• _DATASET EXCERPTS_:
# # # # # # #

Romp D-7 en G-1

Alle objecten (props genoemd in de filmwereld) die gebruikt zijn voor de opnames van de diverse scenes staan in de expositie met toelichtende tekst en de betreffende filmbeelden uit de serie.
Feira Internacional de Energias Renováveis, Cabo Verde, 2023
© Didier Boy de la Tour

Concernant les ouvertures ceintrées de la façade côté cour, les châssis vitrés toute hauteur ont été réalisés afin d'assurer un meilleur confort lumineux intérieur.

# # # # # # #

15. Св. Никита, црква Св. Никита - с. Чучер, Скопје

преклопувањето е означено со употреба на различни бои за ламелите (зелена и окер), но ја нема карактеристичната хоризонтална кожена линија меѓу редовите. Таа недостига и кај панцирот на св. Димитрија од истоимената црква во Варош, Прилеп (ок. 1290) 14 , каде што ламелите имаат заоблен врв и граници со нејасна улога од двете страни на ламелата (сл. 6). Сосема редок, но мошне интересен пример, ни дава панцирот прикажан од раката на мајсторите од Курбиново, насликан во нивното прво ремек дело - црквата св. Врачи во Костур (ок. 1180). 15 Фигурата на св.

# # # # # # #

Look in the material above for the line with "Romp D-7 en G-1" and the line with "Concernant les ouvertures", and transcribe exactly those lines and all lines between them, nothing more.

• _SOLVED EXERCISE_:
Romp D-7 en G-1

Alle objecten (props genoemd in de filmwereld) die gebruikt zijn voor de opnames van de diverse scenes staan in de expositie met toelichtende tekst en de betreffende filmbeelden uit de serie.
Feira Internacional de Energias Renováveis, Cabo Verde, 2023
© Didier Boy de la Tour

Concernant les ouvertures ceintrées de la façade côté cour, les châssis vitrés toute hauteur ont été réalisés afin d'assurer un meilleur confort lumineux intérieur.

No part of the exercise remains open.